2 Şubat 2010 Salı

40 Fırın Ekmek


Haberi okuduğumda hiçte şaşırmadım hatta geç kalındığını bile düşünüyorum. Aydın Yılmaz yıllardan beri kendinden beklenen patlamayı bu senede gösteremeyince kendisini Eskişehirspor'da buldu. Bu gelişme de elbette takım içinde Elano, Keita, Arda, Caner, Dos Santos ve Kewell gibi isimlerin bulunması da etkili olmuştur.

Aydın Yılmaz hakkında konuşulanlar hemen hemen aynı konular üzerinde dönüyor uzun zamandır. Abdullah Avcı'nın kendisi hakkındaki görüşleri, Konyaspor'a attığı son dakika golü, Arda Turan'ın bile kendisinden daha yetenekli olduğunu sölemesi... Aydın Yılmaz Konyaspor'a attığı golden beri üstüne hiç bir şey koymadığı için hakkındaki özgeçmişe baktığımız bunlardan ibaret olduğunu görüyoruz. Yukarıda saydığım isimlerle aynı kadro içinde yer almasından dolayı kendisini şanslı hissedip bu durumu kendisi için avantaja çevirmeyi bir türlü beceremedi ne yazık ki.

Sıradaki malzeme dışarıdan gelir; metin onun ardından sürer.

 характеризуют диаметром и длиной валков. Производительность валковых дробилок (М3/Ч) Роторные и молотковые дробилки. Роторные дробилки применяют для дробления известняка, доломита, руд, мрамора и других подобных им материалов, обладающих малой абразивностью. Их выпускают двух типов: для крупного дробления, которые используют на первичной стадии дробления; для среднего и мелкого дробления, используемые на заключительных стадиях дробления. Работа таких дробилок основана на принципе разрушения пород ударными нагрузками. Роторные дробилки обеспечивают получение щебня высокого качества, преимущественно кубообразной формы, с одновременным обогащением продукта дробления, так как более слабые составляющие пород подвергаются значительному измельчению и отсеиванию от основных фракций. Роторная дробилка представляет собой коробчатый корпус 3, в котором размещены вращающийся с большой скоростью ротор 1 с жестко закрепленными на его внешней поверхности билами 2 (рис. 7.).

Aydın Yılmaz'ın oyun içindeki vurdum durmazlığı, savrukluğu, dağınıklığı artık taraftar ve teknik heyet için çekilmez hale gelmesi belki de kredisinin bitmesine sebep oldu. Maç içindeki hırstan uzak bitse de gitsek ifadesi, forması için yeterince mücadele etmemesi tribünler tarafından da sahiplenmemesine yol açtı. Rijkaard'ın Emre Çolak'a bile bu kadroda şans verdiği bir ortamda Aydın kendi ipini kendi çekmiştir. Beşiktaş'taki Batuhan meselesine genel olarak benzettiğim bu hikaye, tek farkı Aydın'ın sorunsuz imajı, umarım önüzmüdeki yıllarda tekrar küllerinden doğar.

1 yorum:

hadizlow dedi ki...

Kimse GS takımına Aydın'a yeteri kadar şans vermediniz diyemez diye düşünüyorum. Ama hep akıllarda bir soru işareti kalacak; "acaba gerçekten çok büyük bir yetenekti de biz mi farketmedik" diye. Umarım Eskişehir'de aradığını bulur.